This was not an off-the-cuff remark. Right at the start of the tour he had batted the ball into our court, saying that it was up to us to be fit for England. He would no longer pick on reputation. Unfortunately, his outburst coincided with me aggravating a knee injury, having to pull out of the Test match against the Wallabies in Brisbane on 6 June, and having to pass the armband over to Tony Diprose.

I’d picked up the injury in a freak diving accident during a pre-tour break with Austin Healey in Lanzarote. Austin had this ability to bounce unbelievably high on the springboard and then, like a trampoliner, kill the bounce on landing by bending his knees. I gave it a go, but as I landed my knee turned out and I tweaked it. I cursed him, but there was nothing new in that. I fully expected it to be fine, but 48 hours before kick-off I had to concede that it wasn’t strong enough to get through an international game.

The upshot was that I spent the match in the BBC Five Live commentary booth at the Suncorp Stadium, trying to find words to describe a 76–0 defeat. I had to analyse 11 Australian tries, which by the end was proving painful. I’m sure the listeners at home could sense my tone. John Mitchell, our forwards coach, had said beforehand that the team was ‘shit scared … it’s the fear of being wiped out which motivates us’. And wiped out we were by the future World Cup winners, even if we didn’t concede a try for more than half an hour. I could hear the Aussie commentators absolutely digging it in and there was nothing I could do about it. It became so embarrassing that the Aussie crowd started leaving long before the match was over. But we couldn’t go home. There was nowhere to hide. It was an horrendous day and a harsh, if valuable, lesson to learn.

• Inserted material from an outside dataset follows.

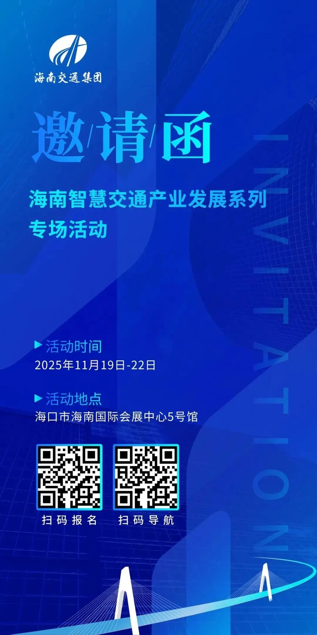 11月14日,海南日报全媒体记者从海南省交通投资集团有限公司(以下简称海南交通集团)获悉,2025第二十届中国智能交通大会期间将举办海南智慧交通产业发展专场活动,海南交通集团已正式发出“邀请函”,报名工作正式启动,诚邀关心支持海南智慧交通事业的各界有识之士参与,共绘海南数智交通新蓝图。 [更多]

I didn’t say it then, but sometimes you need experiences like that. Those who were in the side and got severely shown up – and there were a few of those – realized they weren’t up to it and needed to go away and do some work. It made everyone open their eyes, because there was a feeling among some that they were young and as good as their potential hinted they could one day become. I went into the dressing room afterwards and it was a shocking scene. As tour captain it was just a matter of trying to raise heads, pick up the pieces and point out that we were in for a torrid month and that it was going to be a severe test of character. ‘Some of you are going to come through and some of you are not,’ I told the boys. ‘Where do you want to be?’ I couldn’t come on any stronger than that because it was the first match of the tour and I knew it wasn’t going to get any easier. What hurt most of all was that all the press, the outrageous predictions and comparisons with Gallipoli, had come true. We needed to stick together, the whole squad, cop the flak and try to move on.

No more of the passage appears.